Davies v. Hanel Lumber Co.

676 P.2d 946 | Or. Ct. App. | 1984

BUTTLER, P. J.

Claimant appeals a decision of the Workers’ Compensation Board, which denied both his aggravation claim against Hanel Lumber Co. (Hanel) and its carrier, Argonaut Insurance Co., and his new injury claim against Universal Drywall (Universal) and its carrier, SAIF. On de novo review, we find that claimant has met his burden of establishing that he suffered a new injury, and reverse.

Claimant was injured initially at Hanel in September, 1974, when he jumped off of a log and twisted his right knee. He underwent surgery, which relieved his symptoms, and was released to return to work in January, 1975. No permanent disability was awarded as a result of that injury. He testified that his right knee continued to hurt for about one year after the surgery and then became symptom free until he went to work for Universal in June, 1979. During the intervening years, he engaged in a variety of jobs involving heavy labor. Claimant alleges that, on November 28, 1979, while working for Universal, he picked up a sheet of wallboard and felt pain in his right knee. He was treated for a twisted right knee on that date.

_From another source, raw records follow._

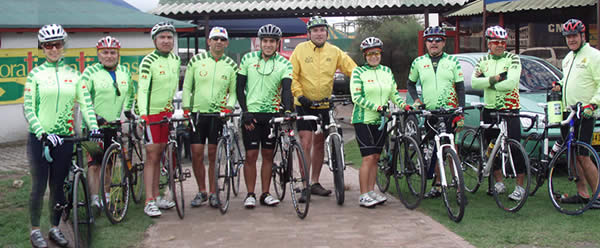 Carolina y los Duarte optaron por regresar vía Patios, los demás iniciamos el descenso. A pocos kmts del Salitre el grupo se reconfiguró y así marchamos un buen trecho. En el camino encontramos una prueba de triciclos para discapacitados, aquellos valientes que muchas veces hemos visto en carretera en posición casi horizontal, en sus máquinas con pedales para manejar con las manos.
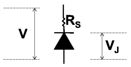 Equation (19) assumes that the voltage drops VJ (junction voltage) at the ideal diode and the external bias only differ by a series ohmic contribution (Figure 4).
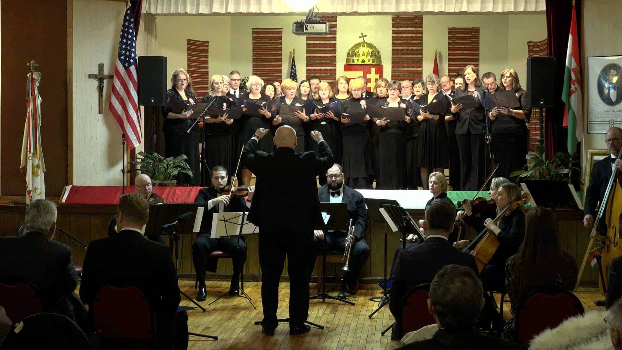 Fazekas Róbert műsorvezető köszöntötte az egybegyűlteket a Szent Imre templom dísztermében múlt vasárnap. A római katolikus egyházközségek plébánosa, Bóna Richárd atya egy imával nyitotta meg az ünnepet, majd pedig az egyházi kórus szolgálata következett. Különleges formáció állt össze: Cleveland hét magyar templomának, a református, katolikus, evangélikus, adventista és baptista közösségeknek a képviselői énekeltek együtt. A szabadságról és az isteni gondviselésről szóló dalokat Dr. Marton Máriusz, a Hetednapi Adventista Gyülekezet lelkipásztora vezényelte le. A lelkész úr saját produkcióval is készült: Itthon című szerzeményét adta elő gitárkísérettel.
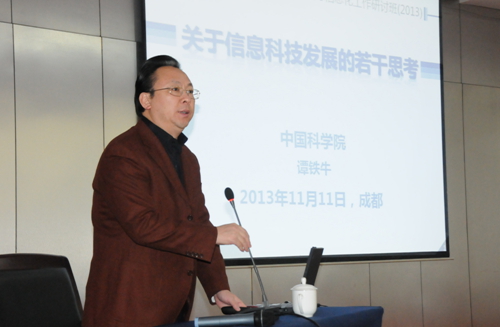 11月11日至12日,中国科学院局级领导信息化工作研讨会在成都市举行。中国科学院副秘书长谭铁牛出席研讨班。会议特邀国家信息化专家咨询委员会常务副主任周宏仁,北京航空航天大学前校长、中国科学院院士李未,工信部国家互联网络应急中心副主任、总工程师云晓春,国家信息中心信息化研究部副主任于施洋作专题报告。中国科学院条财局副局长王凡主持会议。
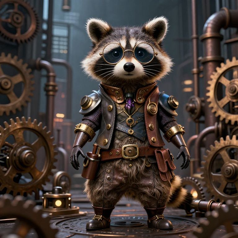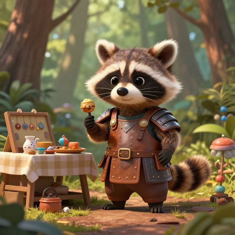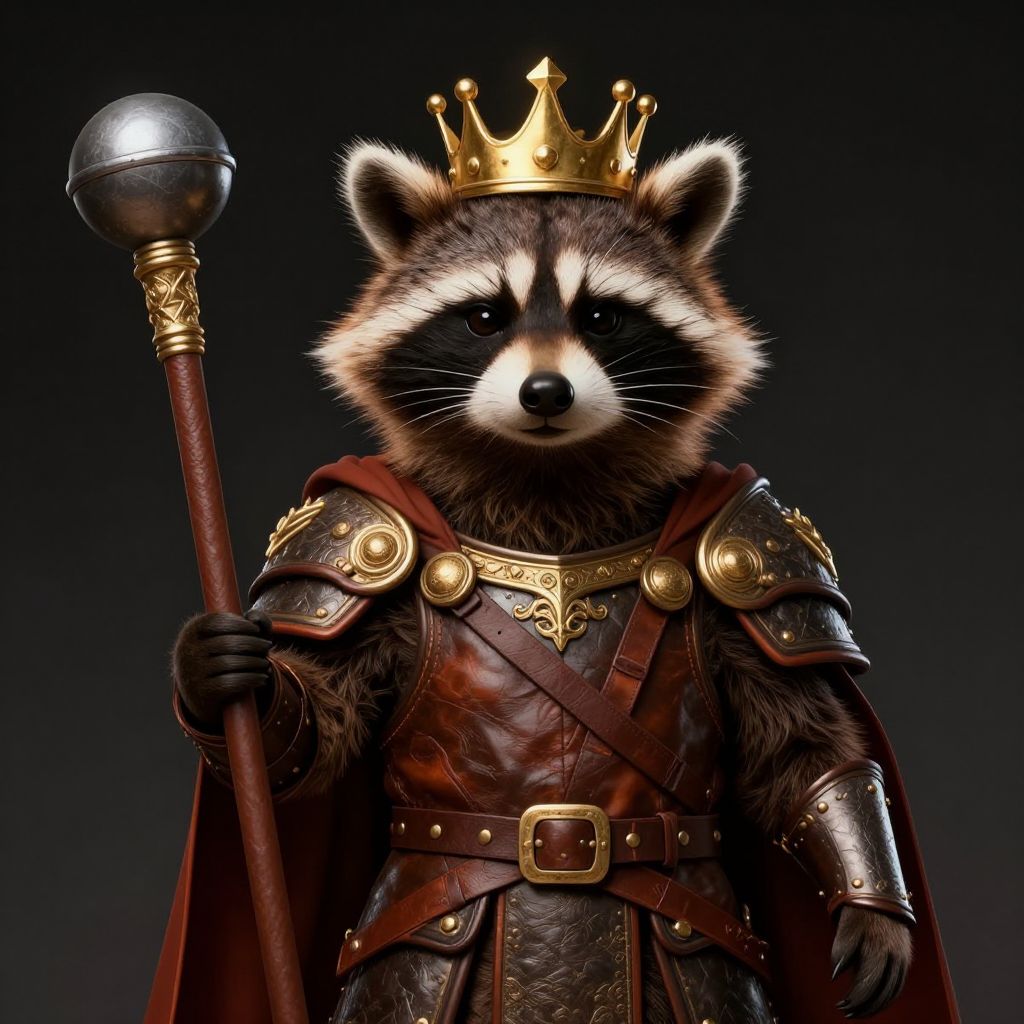 Raccoon knight guarding an ancient stone gate in a mystical forest, ornate armor covered in moss and vines, twilight ambiance with fireflies, realistic fur rendering
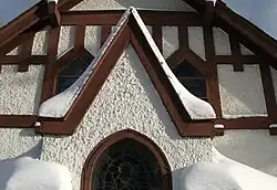 The exterior walls were covered with white stucco. The facades on the southwest end over the baptistery were partitioned by exposed wooden trim (trim and mouldings typical of 14th century Rural Gothic). This theme was also retained over the southwest entrance and within the chancel gable. Exposed timber structure was generalized along with asymmetrical massing and contrasting roof-levels.[11]
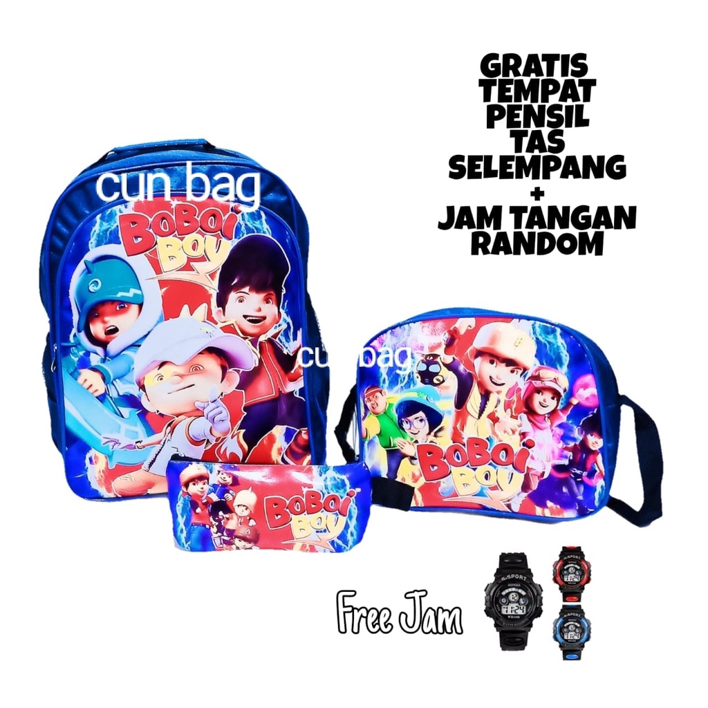 Detail Tas Ransel 3set Karakter boboboy Baru Free Jam Tangan
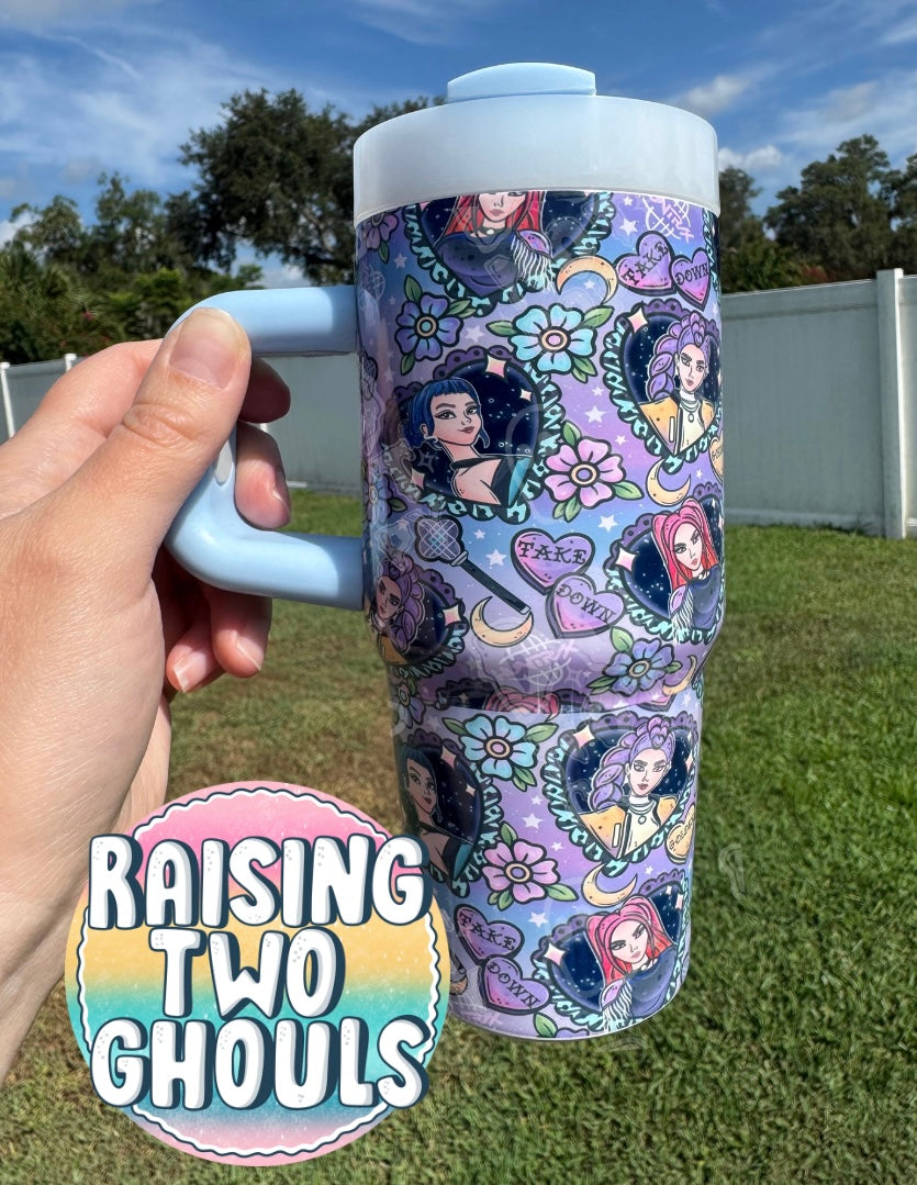 Our Huntrix Hearts inspired full wrap 14 oz tumbler! This listing includes one tumbler with lid and reusable straw.
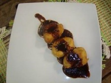 - Corte a banana, passe os pedaços em um pouco de farinha.
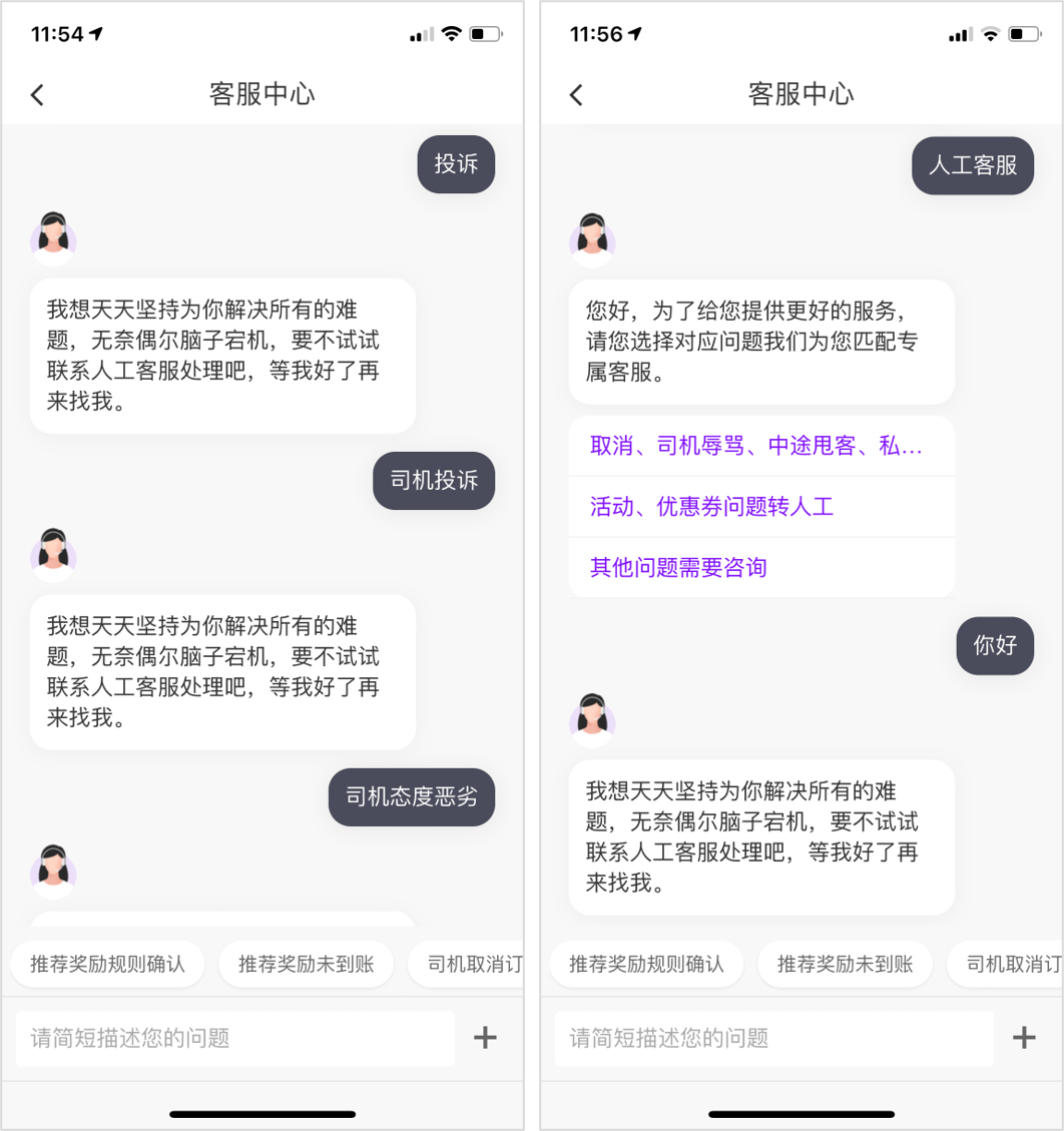司机这么有“底气”,是因为他知道,就算你去花小猪找客服投诉,大多数情况下也只能收到千篇一律的回复话术,根本解决不了什么问题。

Universal’s contention, apparently accepted by the referee and the Board, is that claimant failed to establish that he was actually employed by Universal on November 28,1979, the date shown on the claim form as the date he was injured. On January 2,1980, Universal responded to the portion of the form which asks, “Did the injury happen during the course of employment?”, by stating “Yes.” The only additional comment by Universal was, “We would like to know whether or not this is an old injury.” On March 5,1980, SAIF denied the claim, stating that claimant’s condition was related to a preexisting injury. At no time before the hearing on January 19, 1981, did Universal assert that the accident had not occurred or that claimant was not employed by Universal on the date in question.

At the hearing, Mr. Erickson, Universal’s general manager, testified that claimant’s last day of work with Universal was November 19, 1979. The basis for that testimony was that he had a time card for claimant on November 18 and 19, but none for any time thereafter. Erickson brought to the hearing only the time cards for the 18th and 19th and no *38other evidence relating to claimant’s employment. He admitted that he keeps in his office a dispatch sheet that would show claimant’s name opposite any job to which he was assigned and would show whether he was working on the date in question. He did not state whether he consulted that record prior to testifying. Further, neither he nor any other representative of Universal attempted to explain why claimant would not have been working on that date; there is no evidence that he had been fired or that he had quit.

One plausible explanation for the failure for there to be any time cards for an extended period of time is contained in claimant’s somewhat confused testimony, in which he states that he took a vacation to go elk hunting before the accident. When he came back to work, he started working on a new apartment that required a new time card, was injured and never filled out the time card.

Claimant was confused during his testimony as to the dates in question. For that reason, the referee felt that his testimony is hard to believe. Although we defer to the referee with respect to findings of credibility, where, as here, that finding or conclusion is based on an objective evaluation of the substance of a witness’ testimony, the referee has no greater advantage in making that assessment than we do on de novo review. It appears to us that the claimant’s confusion over dates is understandable, because he had no reason before the hearing to believe that the employer would deny that he had worked on the date in question. The hearing occurred over a year after the accident, and it is understandable that claimant would have been confused when he was suddenly confronted with employer’s denial that he was employed on the day in question. In spite of his confusion, claimant’s testimony, from an objective standpoint, impresses us as more credible than that of Mr. Erickson, who did not consult the record that would have answered the question, brought inadequate documentation to the hearing and offered no explanation why claimant would not have been working on the day he said he was injured. Universal’s argument is weakened further by the fact that shortly after the accident it stated that the accident had occurred at work; four months after the accident it denied the claim, not because claimant did not work on that date, but because claimant’s disability was the result of a preexisting injury.

*39It is reasonable to conclude that, if claimant had not been employed by Universal for over a week prior to the date when he claims to have been injured, Universal would have denied that the injury occurred during claimant’s employment. It is also reasonable to expect an employer to raise the question prior to the hearing and to bring its relevant records, solely within its control, to the hearing to support its surprise defense.

The preponderance of the evidence establishes that claimant did sustain an accident while he was employed by Universal on November 28, 1979, and that that job-related accident independently contributed to claimant’s disability. He has sustained a new injury at Universal for which SAIF is responsible. Boise Cascade Corp. v. Starbuck, 296 Or 238, 675 P2d 1044 (1984).

Reversed and remanded with instructions to order acceptance of the claim for new injury.